Create a service principal

Tip

Even if you already have a security principal, confirm you have the correct permissions in the set up authentication using a service principal section.

You also need to set up a Service Principal to generate the right credentials for all the components to talk with each other.

To create a new service principal:

  1. Sign in to the Azure portal.

  2. From the portal, search for and select Microsoft Entra ID.

  3. From the Microsoft Entra ID page, select App registrations from the left pane.

  4. Select New registration.

  5. On the Register an application page:

    1. Enter a Name for the application (the service principal name).
    2. Select Accounts in this organizational directory only (<your tenant's name> only - Single tenant).
    3. For Redirect URI (optional), select Web and enter a value. This value doesn't need to be a valid endpoint. For example, https://exampleURI.com.
    4. Select Register.

    Screenshot of the application registration page, with the above options filled out.

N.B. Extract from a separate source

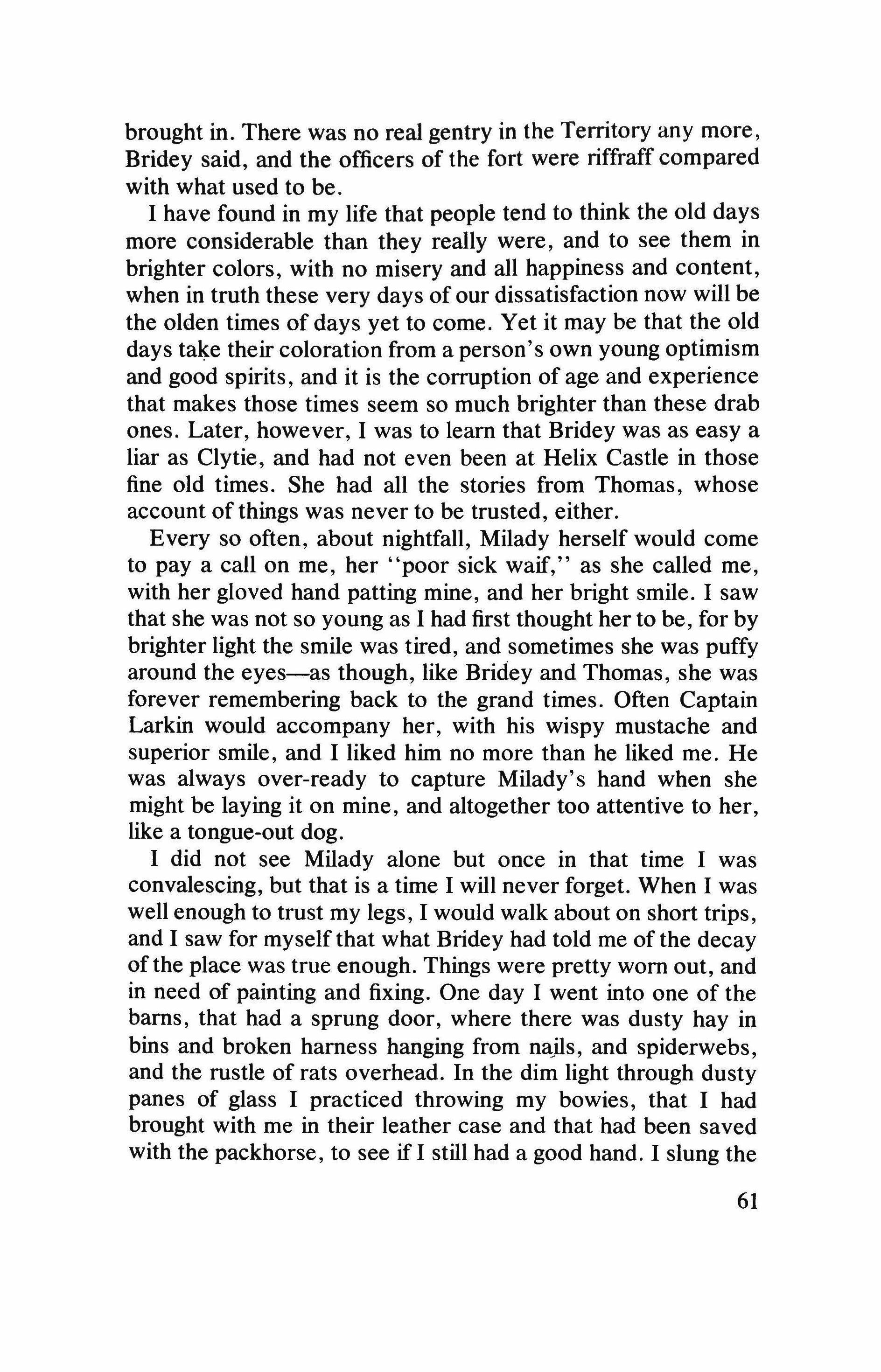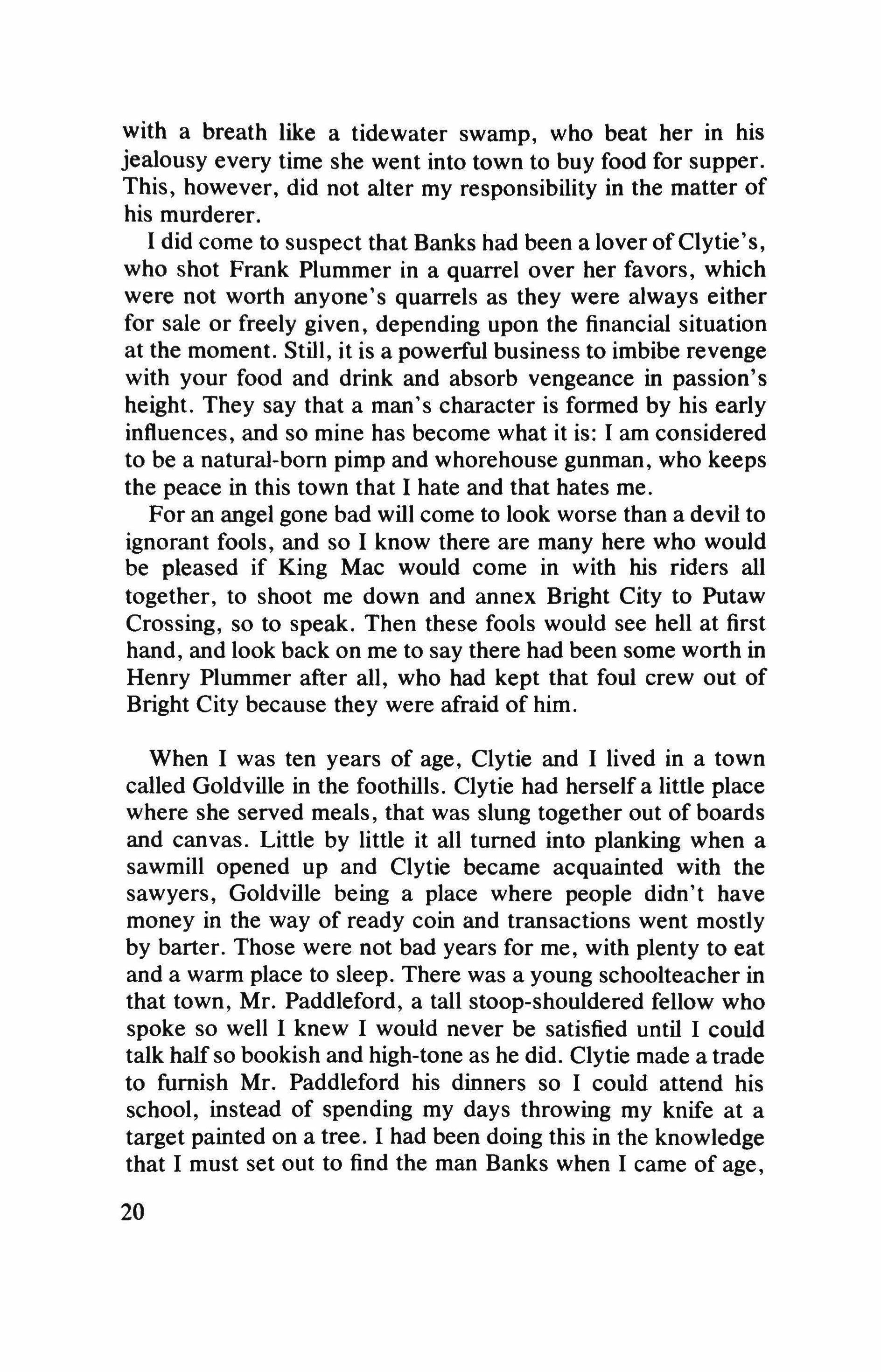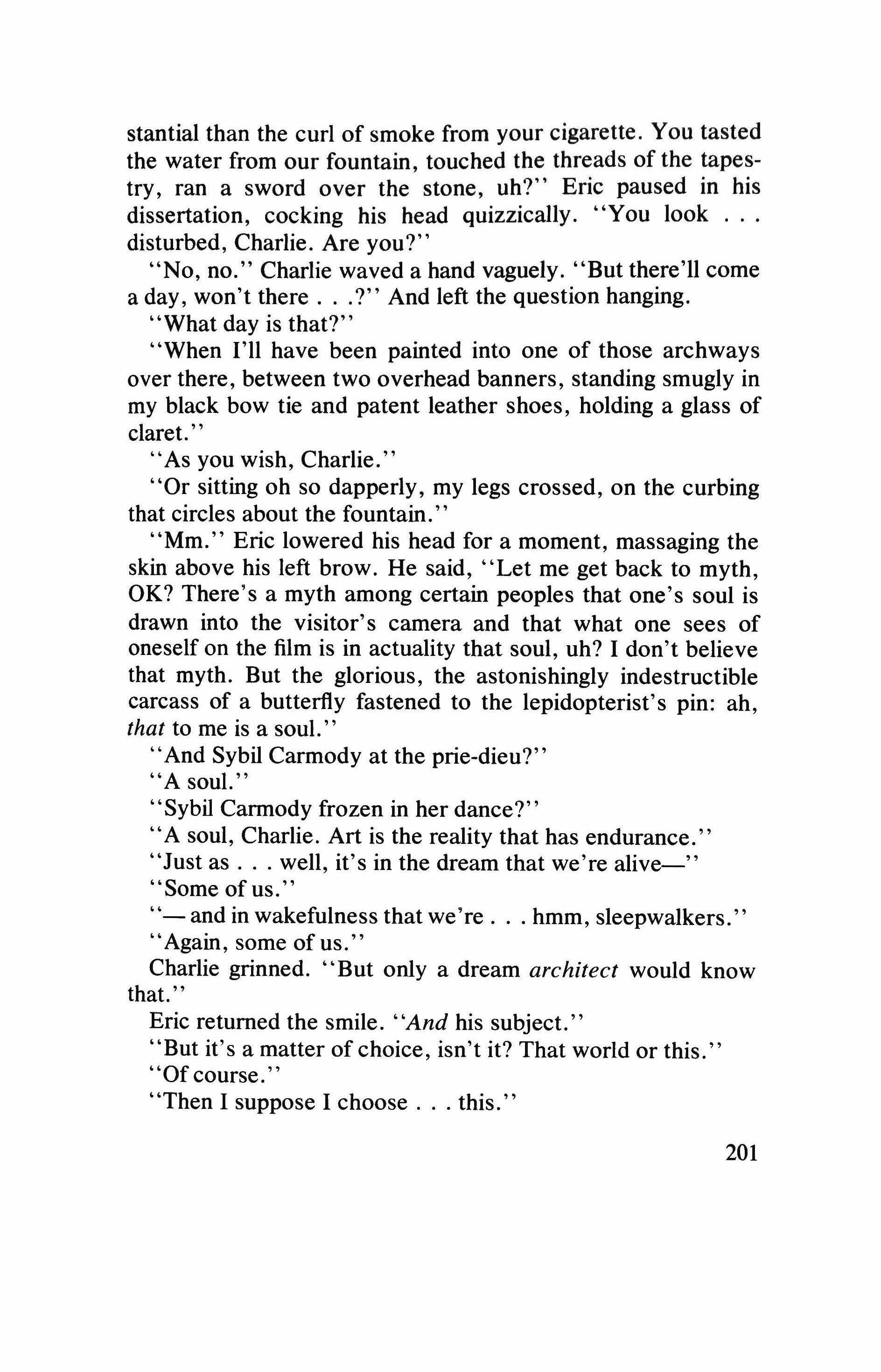 It was the composition of this work that had led to Father Egan's intemperance in drink. For over thirty years as a Devotionist Father he had been a moderate man in that regard, but writing was hard for him and the cultural deprivations of his voluntary mission-posting had rendered his life more difficult every day. He had rewritten the work six times and had reached the point where he could no longer endure it without alcohol. Yet without the work, he had found, life itself was not endurable. As for his faith-it was in a state oftension; the dark of his soul's night was such that he could not bring it to bear. And if that faith seemed moribund, he could only hope that it had returned to the seed to grow, to be transmogrified, dried and hardened in the tropical sun, destined to rise like a brilliant Tecanecan phoenix from Pascal's fire.

  6. On the new service principal page, copy the values of the Display name and the Application (client) ID to save for later.

    Screenshot of the application page in the portal with the Application (client) ID highlighted.

To use the service principal (application), you need to know the service principal's password that can be found with these steps:

  1. From the Azure portal, search for and select Microsoft Entra ID, and then select App registrations from the left pane.

  2. Select your service principal (application) from the list.

  3. Select Certificates & secrets from the left pane.

  4. Select New client secret.

  5. On the Add a client secret page, enter a Description, select an expiration time under Expires, and then select Add.

  6. On the Client secrets page, the string in the Value column of your new secret is your password. Save this value for use later.

    Screenshot showing a client secret.

Set up authentication using service principal

Once the new service principal is created, or if you're bringing your own, you need to assign the data plane roles of your Microsoft Purview account to the service principal:

  1. Navigate to your Microsoft Purview governance portal.

  2. Select the Data Map in the left menu.

  3. Select Collections.

  4. Select the root collection in the collections menu. The root collection is the top collection in the list, and has the same name as your Microsoft Purview account.

    Note

    You can also assign your service principal permission to any sub-collections, instead of the root collection. However, all APIs will be scoped to that collection (and sub-collections that inherit permissions), and users trying to call the API for another collection will get errors.

  5. Select the Role assignments tab.

  6. Assign the following roles to the service principal created previously to access various data planes in Microsoft Purview.

    • Data Curator role to access Catalog Data plane.
    • Data Source Administrator role to access Scanning Data plane.
    • Collection Admin role to access Account Data Plane and Metadata policy Data Plane.

    Note

    Only members of the Collection Admin role can assign data plane roles in Microsoft Purview.

Create a CluedIn instance

You can also create a CluedIn instance directly through the Azure Marketplace or Azure portal. Make sure that you check and validate that you have all the prerequisites for installing the trial, available here: https://documentation.cluedin.net/deployment/azure-marketplace.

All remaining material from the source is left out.